I shot a doe one afternoon and called some friends to help drag it out, after dark. Long drag. They said they were on their way so I took all my gear and bow out to the truck, then went back in to wait, now dark. What I didn't know is my buddy got out on the Interstate and made his way to my stand, through the woods, in the dark. As I approached the dead dear, he jumps down from my stand and I just about crapped my pants! I'll bet he giggled the whole time sneaking through the woods too!
Those cougars got nothing on my buddies!


----------



## wampuscat (Jun 30, 2009)

*Black growlers*

Never know what's out there.


----------



## sotol buster (Oct 7, 2007)

Someone has to say it , Photoshop. If you look real close one feeder is shorter than the other. Just kidding . To cool pic, thanks for sharing.


----------



## btreybig (Jul 3, 2008)

Spooked up a group of pigs last weekend. Multiple growls, took a few steps back and they take off running. One nearly runs me over. Had to change my britches when I got back to camp. Always got thoughts going through my head on my way to the stand, thats why I always am packing heat with me.


----------



## mywifeshusband (Nov 19, 2006)

That was in Mexico and was posted here about a month ago by Mexhunter still a 2 cool pic


----------



## Capt. Marcus Canales (Aug 25, 2005)

i have to 3rd or 4th quail...i HATE walking in the dark...you ever seen a 360* headlamp....well, lets just say mine is always turning till i get to my stand!


----------



## TripleSranch (Jan 16, 2010)

*pic*



sotol buster said:


> Someone has to say it , Photoshop. If you look real close one feeder is shorter than the other. Just kidding . To cool pic, thanks for sharing.
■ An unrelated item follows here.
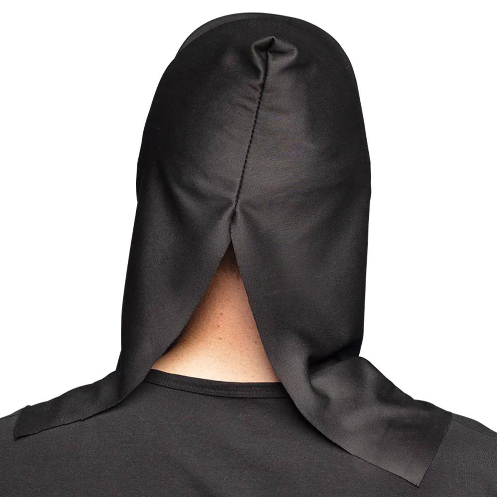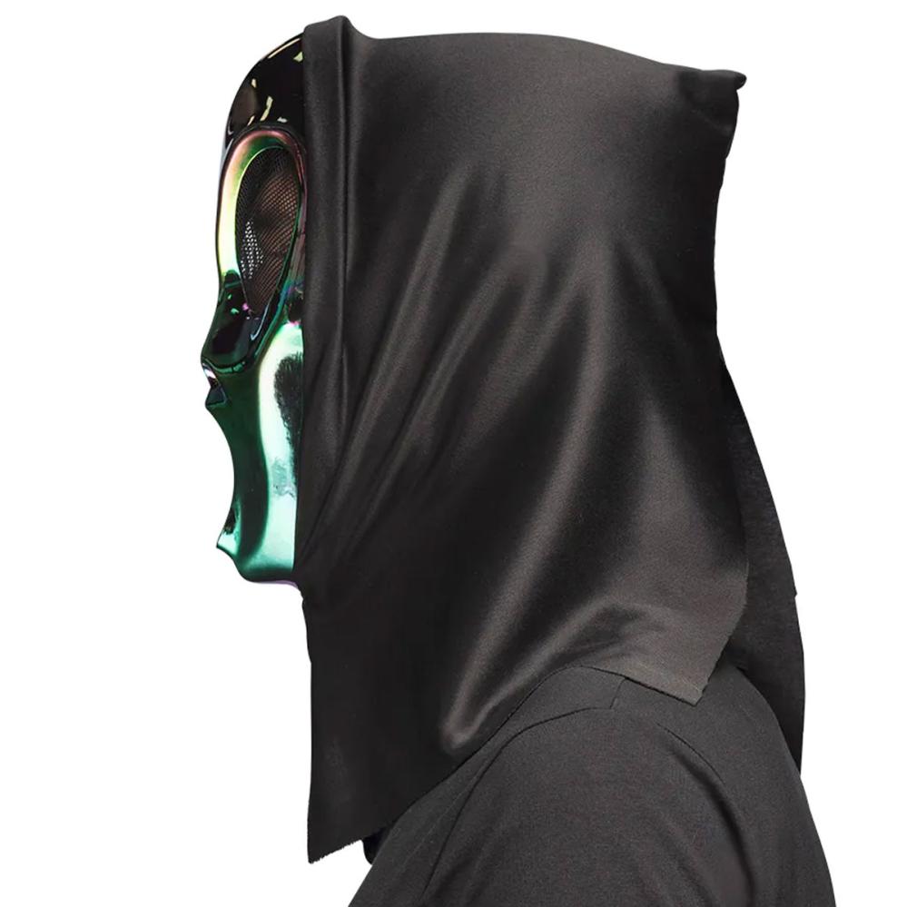 Utomjording Mask Iriserande Svart omfattar en spegelblank iriserande svart mask som skiftar i mörka färger och föreställer en utomjording. Masken har hål för ögon, näsa och mun samt en svart tygbaksida.
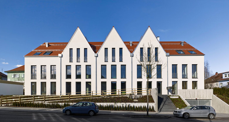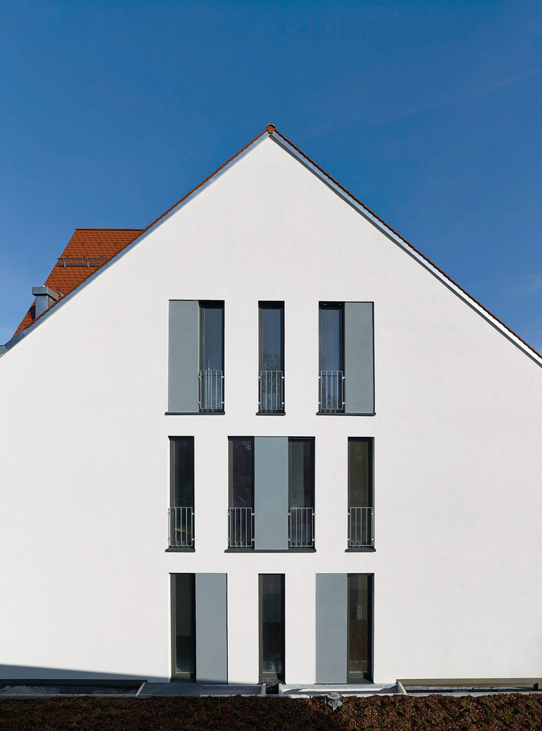 Das Wechselspiel mit der gefalteten Dachform ist markant und bezeichnend für den zentralen Teil der Gartenstadt Arlinger. Auf zwei Wohnebenen plus Dach sind insgesamt 12 Wohnungen unterschiedlichen Zuschnitts angelegt. Die Grundrisstypologie lässt eine Varianz zu, die der Neubau sich zu eigen macht. Alle Wohnungen sind hell und tageslichtdurchflutet. Die französischen Fenster in Verbindung mit Loggien und/oder Balkonen führen zu einem spezifischen Charakter, der sich in der zurückhaltenden Form- und Materialwahl zudem ausdrückt.

And that pic before your post , you can clearly see the bear only has 3 legs.............LOL:rotfl:


----------



## Auer Power (Jun 16, 2009)

I've gotta go with hearing a rattler popping off in the dark on the way to the stand in Nov. when it's still warm out. UGhh, chills!


----------



## pg542 (Oct 9, 2006)

Near Brownwood Texas I climbed into a tree blind one morning. Everything quiet as a mouse, until I got comfortable and waiting on daylight.... Suddenly....The whole tree above my head exploded with roosting turkeys scattering every direction......I lost 5yrs. of the end of my life that morning, and maybe a pair of tighty whiteys.


----------



## Bucksnort (Jun 29, 2004)

I carry multiple weapons and plenty of ammo to the stand with me, just for times like these. My buddies know this so they don't go scarying the **** out of me. I don't mess with them either. Getting shot is not on my bucket list.


----------



## WillieT (Aug 25, 2010)

The only things I worried about were rattlesnakes and skunks.


----------



## HonkyFin (May 28, 2004)

Shareing a tree with a Screech Owl will have you running for Jesus purty quick !
those things let out the scariest sound i have ever heard.


----------



## waterspout (May 21, 2004)

HonkyFin said:


> Shareing a tree with a Screech Owl will have you running for Jesus purty quick !
> those things let out the scariest sound i have ever heard.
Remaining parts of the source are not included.